┌────────

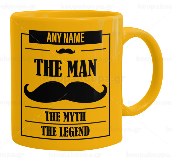 The man, the myth, Ceramic coffee mug yellow, 330ml
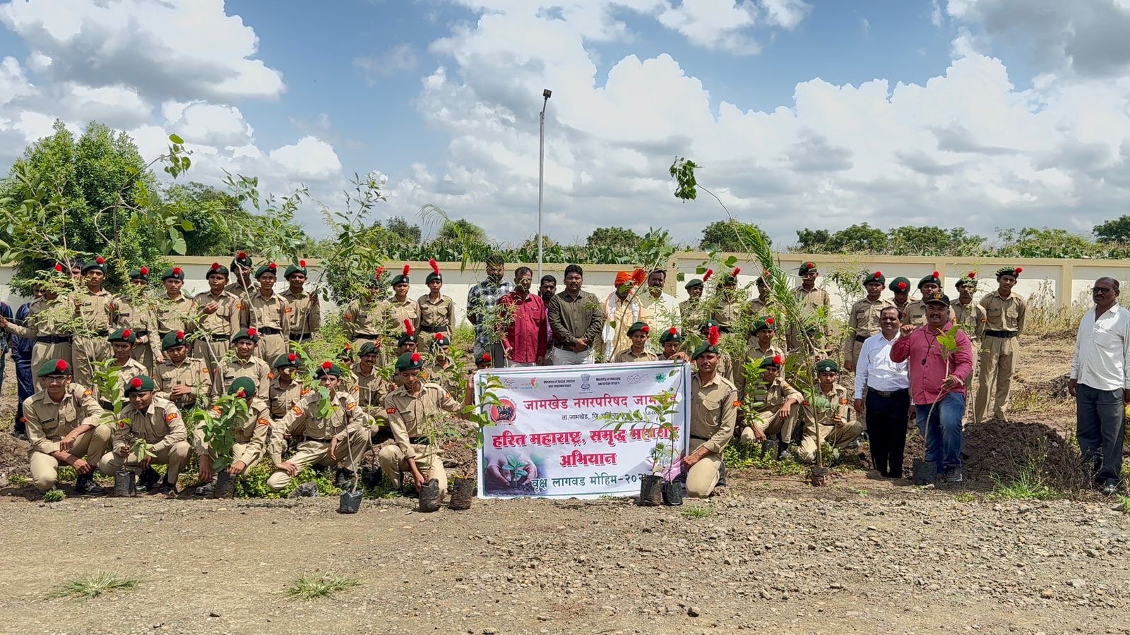 जामखेड नगर परिषद व सतरा महाराष्ट्र बटालियन एनसीसी अहिल्यानगर संयुक्त विद्यमाने हरित महाराष्ट्र समृद्ध महाराष्ट्र व एनसीसी उपक्रम अंतर्गत भव्य वृक्षारोपण जामखेड येथील तपनेश्वर अमरधाम नदी परिसरात करण्यात आले.
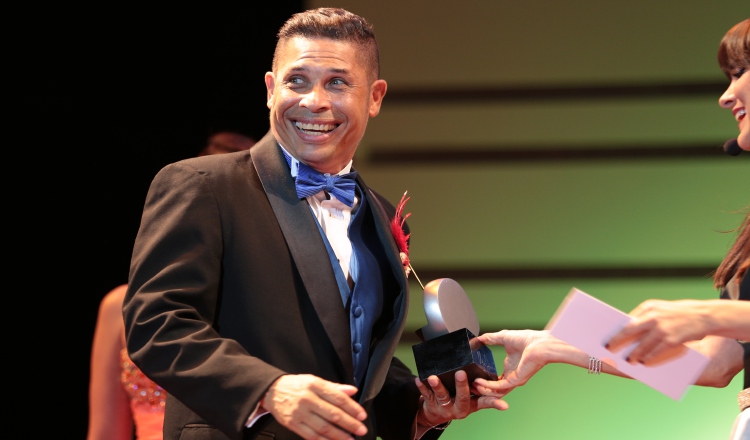 Daniel Gómez Nates cuando recibe uno de los premios Escena a que se ha hecho acreedor en su carrera teatral. Archivo Panamá América.
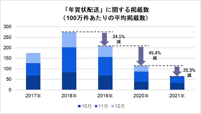 しかしその後は2019年、2020年と、年賀はがきの発行部数と同様に仕事掲載数も減少しています。2019年は前年比24.1%減、2020年は前年比45.4%減、2021年は前年比25.3%減(*3)と減少傾向にあることがわかりました。
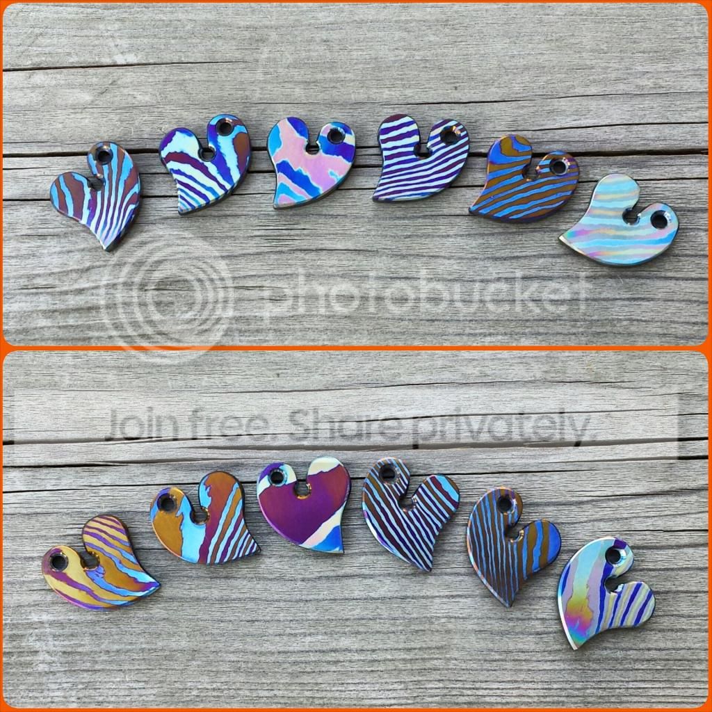 The Timascus pendants are hand rubbed to 1000 grit then heat anodized. The colors are very dynamic and the contrast is crazy.
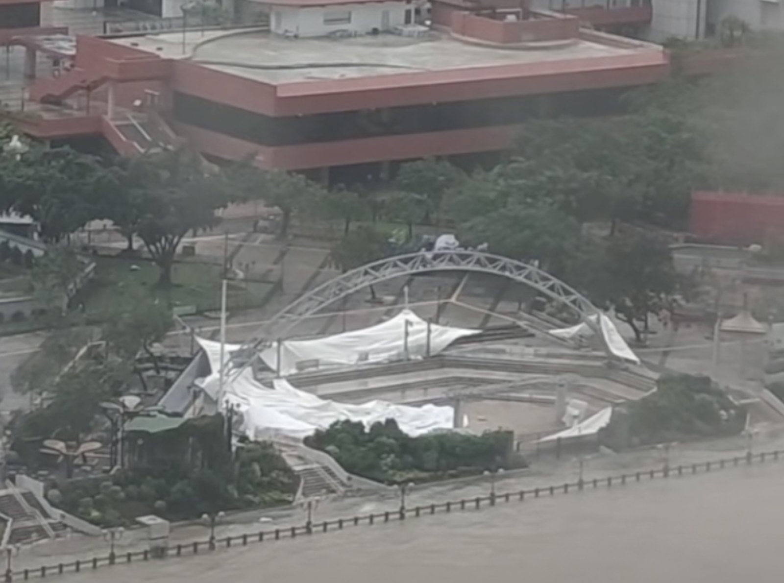 An outdoor stage at Sha Tin Park, Hong Kong, destroyed by typhoon Ragasa. Photo: DDHK |
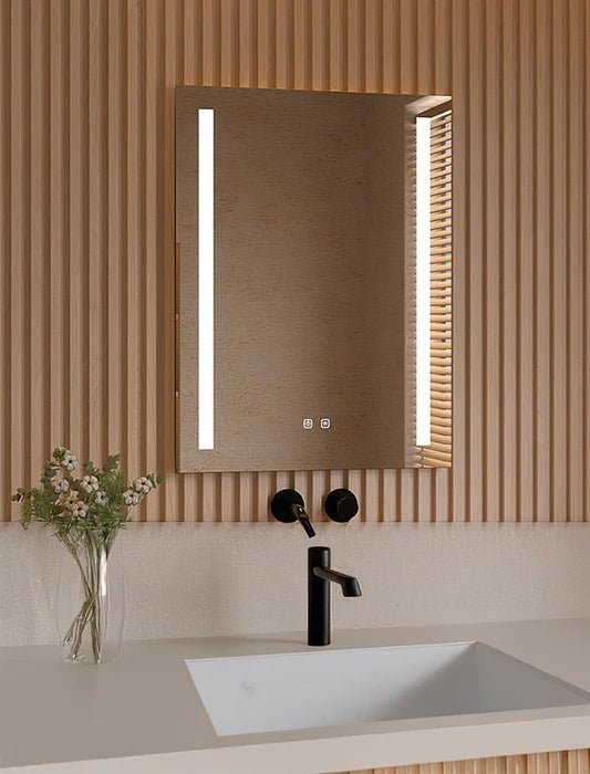 El espejo LED Myanmar está fabricado con luna de 5 mm copper free y lámina de seguridad anti explosión, ofreciendo una superficie resistente, segura y preparada para el uso diario en entornos húmedos. Incorpora una tira LED enmarcada con cambio de temperatura de luz (2700–6500 K) y regulación de intensidad, controladas mediante sensores táctiles independientes para encendido y ajuste lumínico. Incluye sistema antivaho con sensor propio, que mantiene el espejo siempre despejado incluso con vapor, y cuenta además con 2 puertos USB de carga laterales para dispositivos personales. Sus LEDs y componentes electrónicos con protección IP67/IP44 garantizan un funcionamiento óptimo frente al agua y la humedad. Se completa con caja de registro ignífuga, ficha de conexión incluida y un embalaje extrarreforzado antiroturas, válido para transporte unitario, asegurando una instalación segura y una durabilidad prolongada.
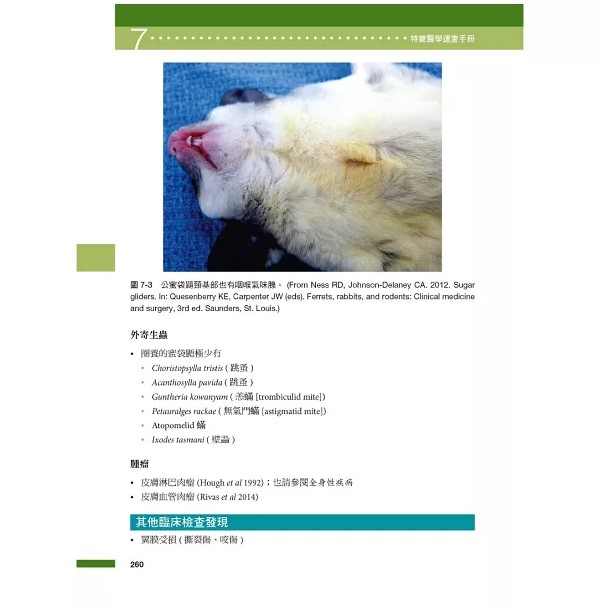 ✓ 全新章節!狨猴、刺蝟和蜜袋鼯的專屬章節,提供最新的診斷和治療方法,協助您處理診間可能遇到的特殊寵物。
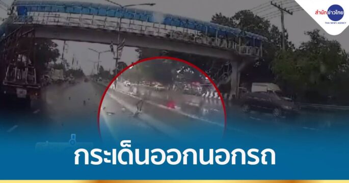 รถพ่วง 18 ล้อ ชนแบร์ริเออร์เกาะกลางถนน ทำให้ภรรยาคนขับที่นั่งมาด้วยกระเด็นออกจากรถ ข้ามไปอีกฝั่งถนน

└────────

WHAT YOU WILL DO
From the first record to the last, print everything again exactly, without pictures.

REPLY
 The man, the myth, Ceramic coffee mug yellow, 330ml
 जामखेड नगर परिषद व सतरा महाराष्ट्र बटालियन एनसीसी अहिल्यानगर संयुक्त विद्यमाने हरित महाराष्ट्र समृद्ध महाराष्ट्र व एनसीसी उपक्रम अंतर्गत भव्य वृक्षारोपण जामखेड येथील तपनेश्वर अमरधाम नदी परिसरात करण्यात आले.
 Daniel Gómez Nates cuando recibe uno de los premios Escena a que se ha hecho acreedor en su carrera teatral. Archivo Panamá América.
 しかしその後は2019年、2020年と、年賀はがきの発行部数と同様に仕事掲載数も減少しています。2019年は前年比24.1%減、2020年は前年比45.4%減、2021年は前年比25.3%減(*3)と減少傾向にあることがわかりました。
 The Timascus pendants are hand rubbed to 1000 grit then heat anodized. The colors are very dynamic and the contrast is crazy.
 An outdoor stage at Sha Tin Park, Hong Kong, destroyed by typhoon Ragasa. Photo: DDHK |
 El espejo LED Myanmar está fabricado con luna de 5 mm copper free y lámina de seguridad anti explosión, ofreciendo una superficie resistente, segura y preparada para el uso diario en entornos húmedos. Incorpora una tira LED enmarcada con cambio de temperatura de luz (2700–6500 K) y regulación de intensidad, controladas mediante sensores táctiles independientes para encendido y ajuste lumínico. Incluye sistema antivaho con sensor propio, que mantiene el espejo siempre despejado incluso con vapor, y cuenta además con 2 puertos USB de carga laterales para dispositivos personales. Sus LEDs y componentes electrónicos con protección IP67/IP44 garantizan un funcionamiento óptimo frente al agua y la humedad. Se completa con caja de registro ignífuga, ficha de conexión incluida y un embalaje extrarreforzado antiroturas, válido para transporte unitario, asegurando una instalación segura y una durabilidad prolongada.
 ✓ 全新章節!狨猴、刺蝟和蜜袋鼯的專屬章節,提供最新的診斷和治療方法,協助您處理診間可能遇到的特殊寵物。
 รถพ่วง 18 ล้อ ชนแบร์ริเออร์เกาะกลางถนน ทำให้ภรรยาคนขับที่นั่งมาด้วยกระเด็นออกจากรถ ข้ามไปอีกฝั่งถนน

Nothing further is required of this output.